**Data under study**
------------------------------------------------------------

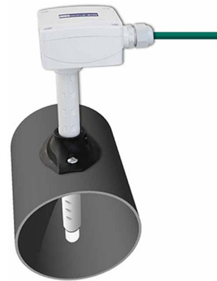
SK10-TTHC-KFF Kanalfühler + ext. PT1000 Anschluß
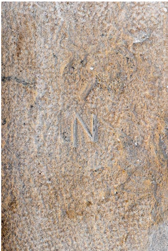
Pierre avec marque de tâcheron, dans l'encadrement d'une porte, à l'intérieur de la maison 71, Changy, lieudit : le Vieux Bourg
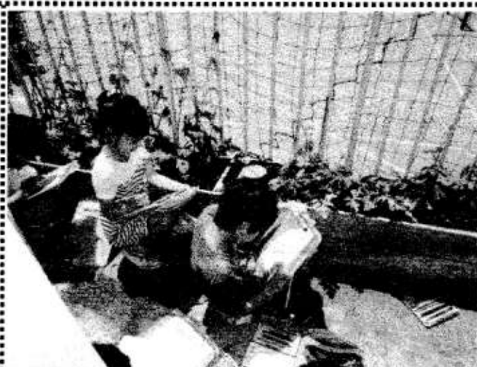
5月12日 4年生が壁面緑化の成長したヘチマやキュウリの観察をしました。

------------------------------------------------------------

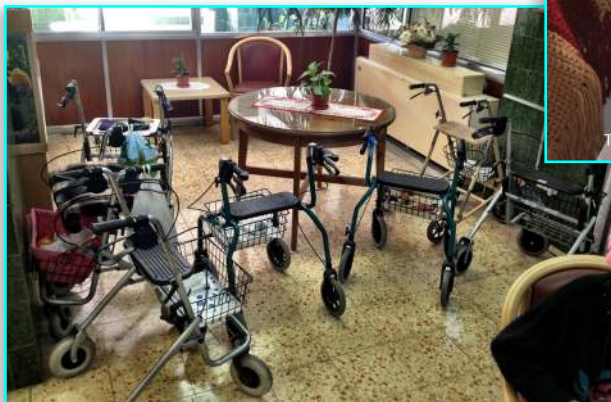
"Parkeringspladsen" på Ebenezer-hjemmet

------------------------------------------------------------

**What is needed**
The lines to reproduce run from the one above containing "SK10-TTHC-KFF Kanalfühler +" through the one containing "5月12日 4年生が壁面緑化の成長したヘチマやキュウリの観察をしました。". Copy them exactly and leave out all pictures.

**Task response**
SK10-TTHC-KFF Kanalfühler + ext. PT1000 Anschluß
Pierre avec marque de tâcheron, dans l'encadrement d'une porte, à l'intérieur de la maison 71, Changy, lieudit : le Vieux Bourg
5月12日 4年生が壁面緑化の成長したヘチマやキュウリの観察をしました。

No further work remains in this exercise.